Records from a collection:
--------------------
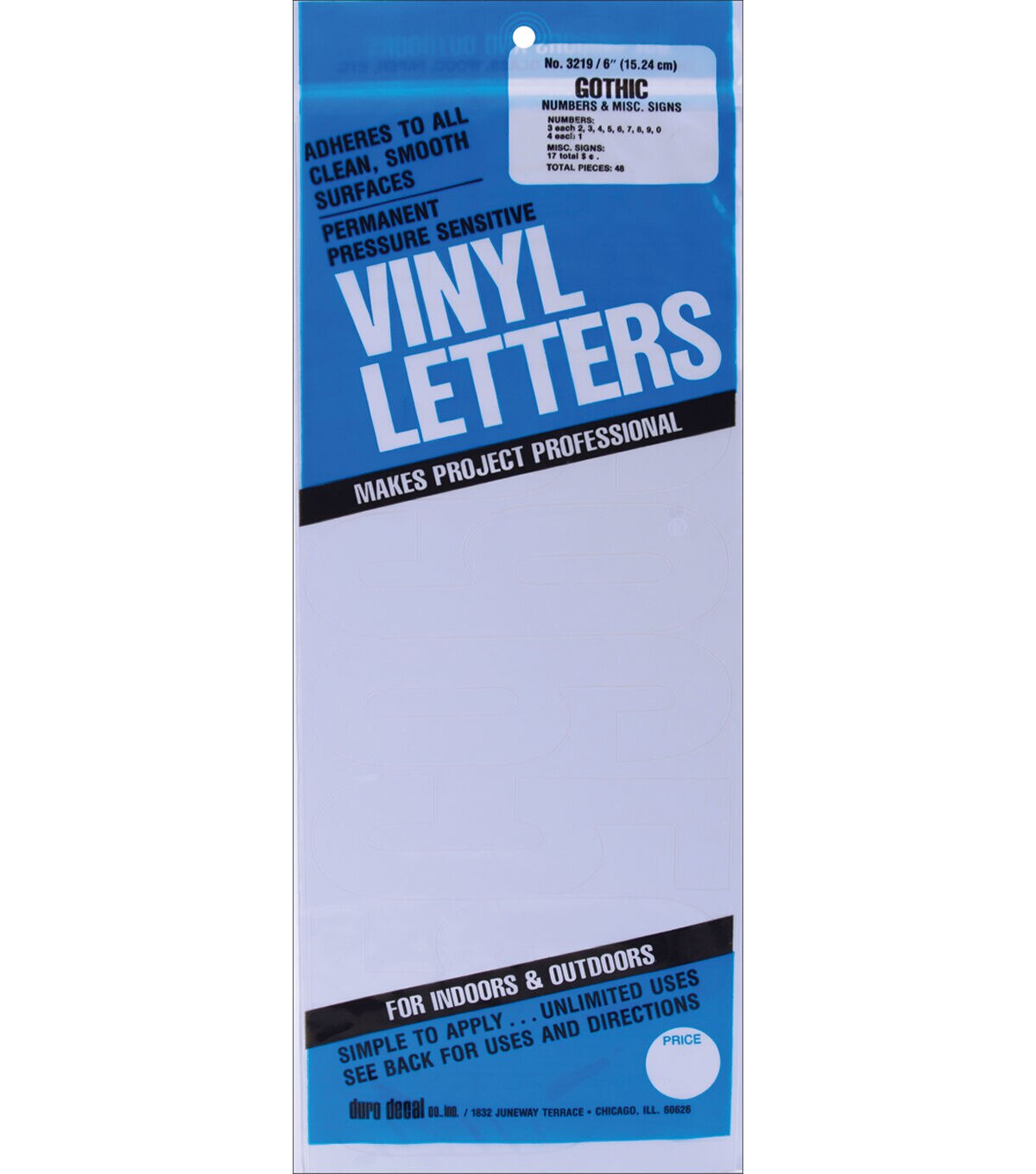 Duro-Vinyl Numbers: 6in Gothic. These vinyl letters are great for all clean and smooth surfaces where you want permanent lettering: glass, metal, plastic and fiberglass which makes them perfect for mailboxes, windows, boats, campers, vehicles, posters, signs, lockers, wagons, bumpers and much more at home, school and the office. This package contains forty-eight pieces: four 1s, three each: 2s, 3s, 4s, 5s, 6s, 7s, 8s, 9s and 0s and seventeen symbols. Available in a variety of colors: each sold separately. Made in USA.
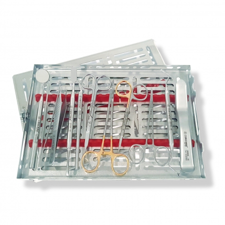 MANGO ESPEJO MOD. LISO ø 8mm + ESPEJO N.5 RODIO, PINZA COLLEGE mm150 LISA, MANGO PARA BISTURÍ CURVO, ELEVADOR DE PERIOSTIO PRICHARD, PINZA MICRO ADSON mm0.9 1×2, TIJERA GOLDMAN-FOX mm130, PORTA AGUJAS CRILE-WOOD mm150 TC, TIJERA IRIS mm115 CORTE SUPERIOR, RETRACTOR MINNESOTA UNIVERSITY, PINZA HALSTEAD-MOSQUITO mm125, CURETA PARA HUESO LUCAS N.86, BANDEJA GAMMAFIX QUATRI ROJO
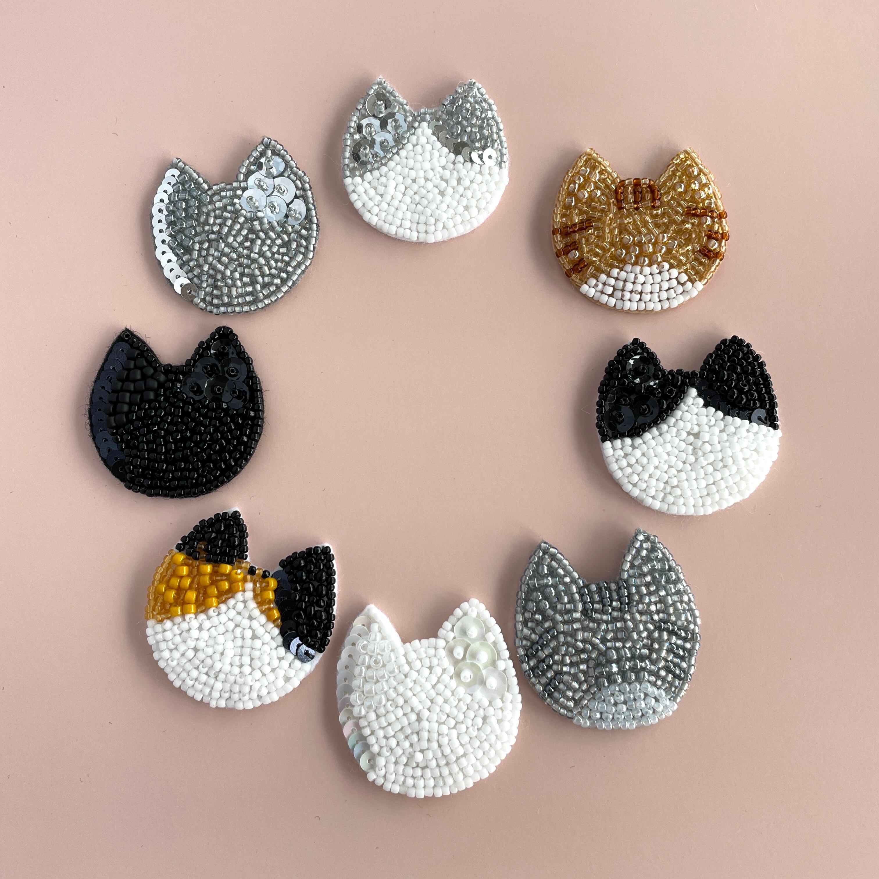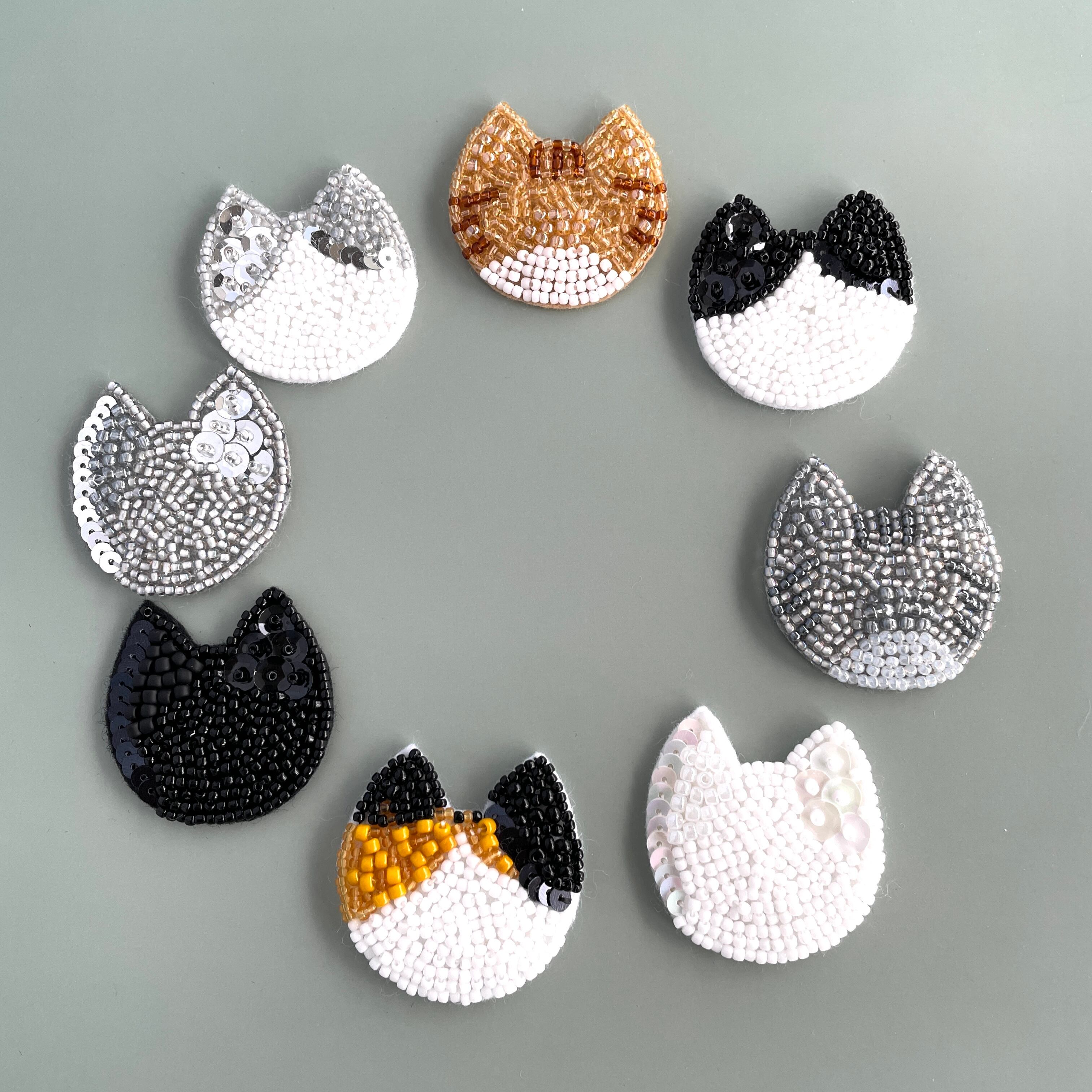 どの子がすき?cat faceビーズ刺繍ブローチ
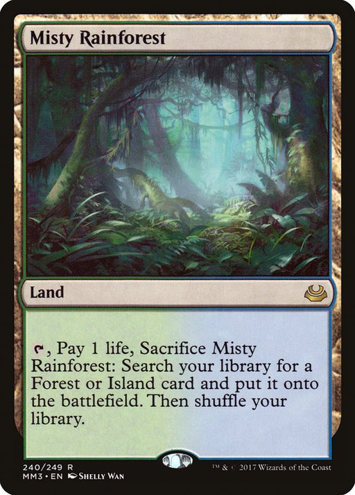 Modern Masters 2017Out of stock{T}, Pay 1 life, Sacrifice Misty Rainforest: Search your library for a Forest or Island card, put it onto the battlefield, then shuffle your library.
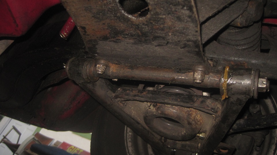 Something we have had on hold for a couple years as we had been fighting engine problems, but that seems to be solved now. Open day and very nice working weather, so it was a good opportunity to change out the bushings on lower A-arm inboard pivot points. These are MGB GT V8 type rubber bushings with steel tube inside. They have been in faithful service for 30 years, 480,000 miles. Very happy with that, but they finally seem to have moved a little off center, and maybe deteriorated a bit, causing some occasional clunk in the front suspension. So jack up the front, place stands under side frame aft of the front wheels, and remove the front wheels. Loosen all bolts in the front suspension, except for the shock absorbers.Remove the sway bar links. Jack under the A-arm, directly under the coil spring to lift the shock absorber arm just free of the rubber frame buffer. Remove lower trunnion pivot bolt, lower the jack to drop the a-arm, push the arm down to remove the coil spring. Remove the rest of the bolts to disassemble the spring pan and lower arms.
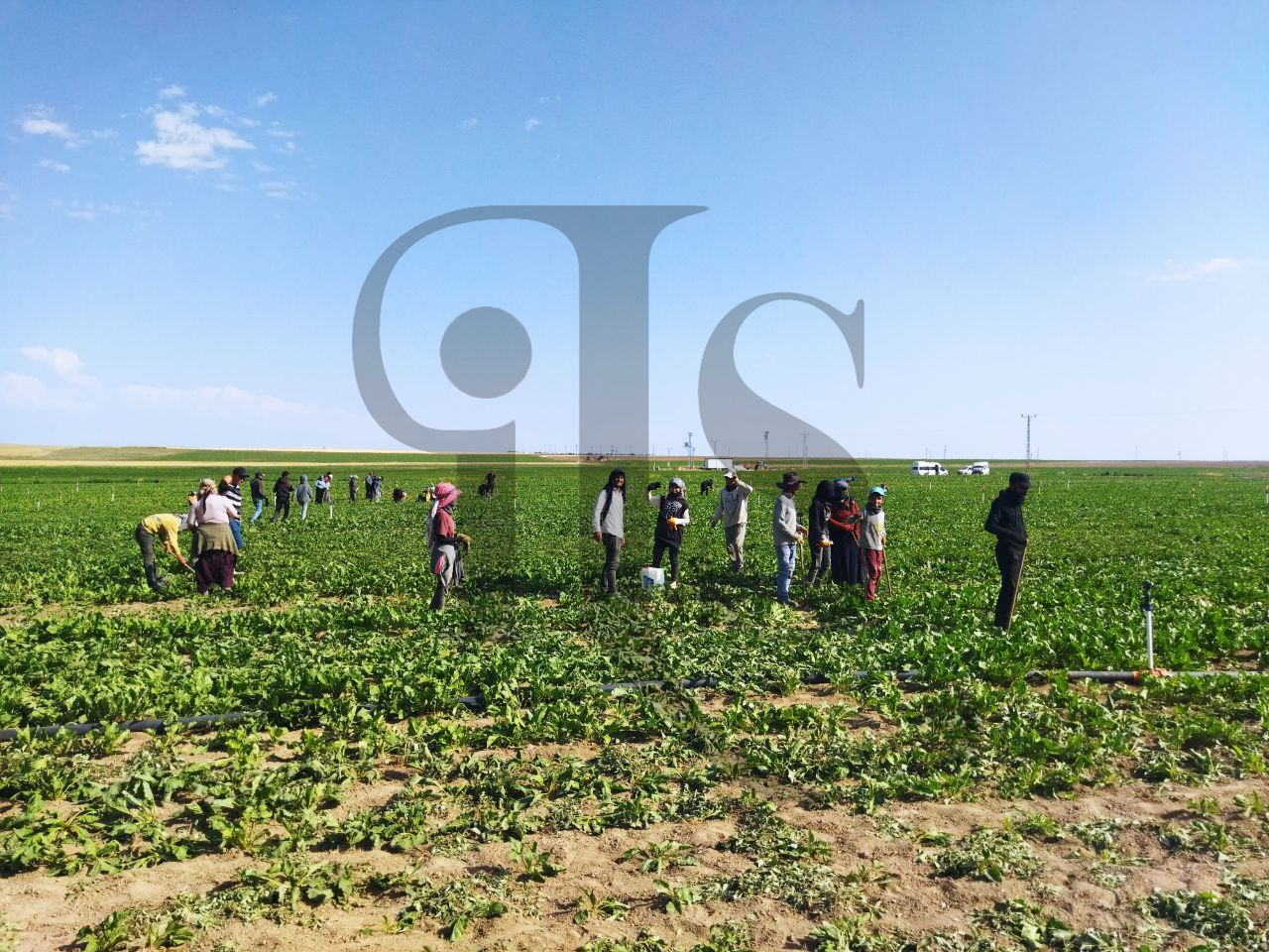 Sono ormai vicina a loro. Un uomo giovane dal colore della pelle più chiara mi viene incontro. Non vuole assolutamente essere fotografato, ma mi dà il permesso di riprendere i braccianti. Sono tutti profughi siriani giovanissimi: 13, 14, 15, 16, 17 anni. Sono festosi e mi vengono incontro con il permesso del "padrone" che è curdo. Mi dice che la terra è di sua proprietà e coltivano con mezzi arcaici sotto un sole torrido le barbabietole da zucchero. Questa farina bianca è usata in larga misura per addolcire il tipico tè turco.
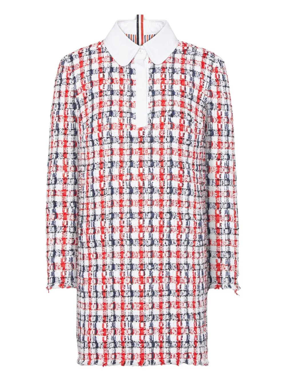 gingham satin-ribbon tweed mini dress Highlights - Red - Check pattern - Long sleeves - Frayed edges - Button fastening Made in Italy Composition Fabric 100% Washing instructions Read Manufacturer Guidelines
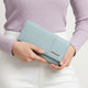 The Bagmire Women's PU Leather Clutch Wallet in mint green features textured faux leather for a stylish and durable finish. This card holder purse is designed with multiple compartments to neatly organize cards, cash, and small essentials. Its compact and lightweight design makes it perfect for everyday use, easily fitting into handbags or carrying alone as a chic accessory. The elegant mint green color adds a fresh and modern touch to this practical wallet.
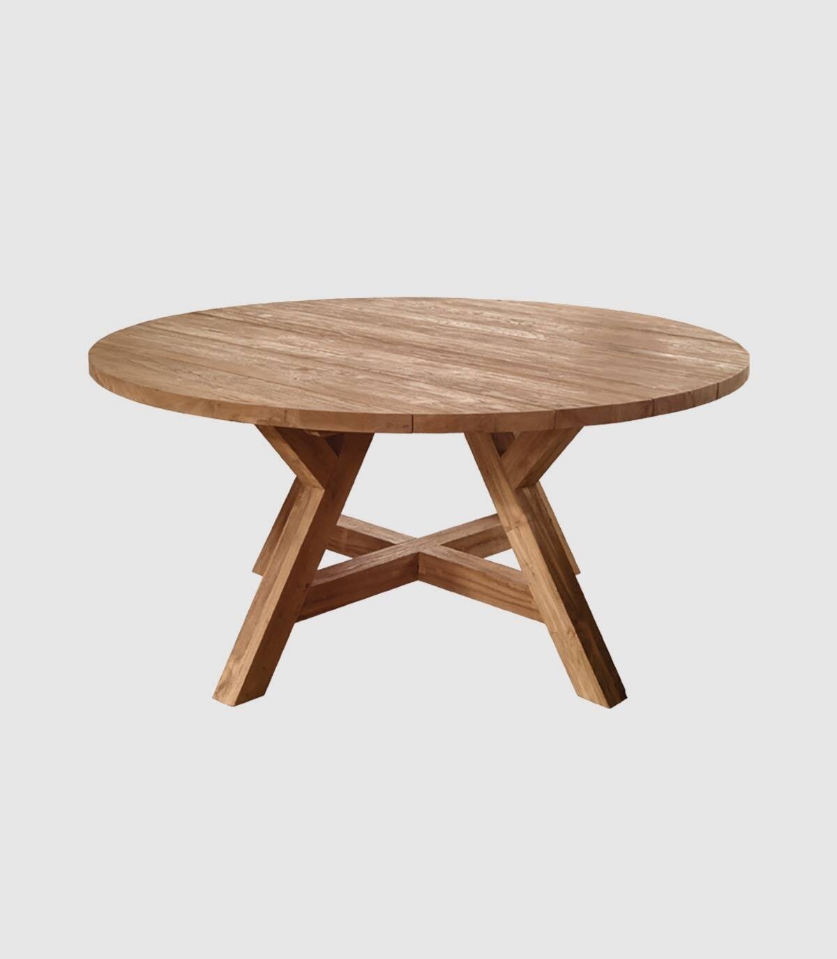 De Kenia eettafel het heeft een glad rond oppervlak en poten van gerecycled teakhout.
--------------------
## TASK TO CARRY OUT
Would you reproduce the lines above, from the very first through the line containing "Modern Masters 2017Out", exactly and without the pictures?

## EXERCISE RESPONSE
 Duro-Vinyl Numbers: 6in Gothic. These vinyl letters are great for all clean and smooth surfaces where you want permanent lettering: glass, metal, plastic and fiberglass which makes them perfect for mailboxes, windows, boats, campers, vehicles, posters, signs, lockers, wagons, bumpers and much more at home, school and the office. This package contains forty-eight pieces: four 1s, three each: 2s, 3s, 4s, 5s, 6s, 7s, 8s, 9s and 0s and seventeen symbols. Available in a variety of colors: each sold separately. Made in USA.
 MANGO ESPEJO MOD. LISO ø 8mm + ESPEJO N.5 RODIO, PINZA COLLEGE mm150 LISA, MANGO PARA BISTURÍ CURVO, ELEVADOR DE PERIOSTIO PRICHARD, PINZA MICRO ADSON mm0.9 1×2, TIJERA GOLDMAN-FOX mm130, PORTA AGUJAS CRILE-WOOD mm150 TC, TIJERA IRIS mm115 CORTE SUPERIOR, RETRACTOR MINNESOTA UNIVERSITY, PINZA HALSTEAD-MOSQUITO mm125, CURETA PARA HUESO LUCAS N.86, BANDEJA GAMMAFIX QUATRI ROJO
 どの子がすき?cat faceビーズ刺繍ブローチ
 Modern Masters 2017Out of stock{T}, Pay 1 life, Sacrifice Misty Rainforest: Search your library for a Forest or Island card, put it onto the battlefield, then shuffle your library.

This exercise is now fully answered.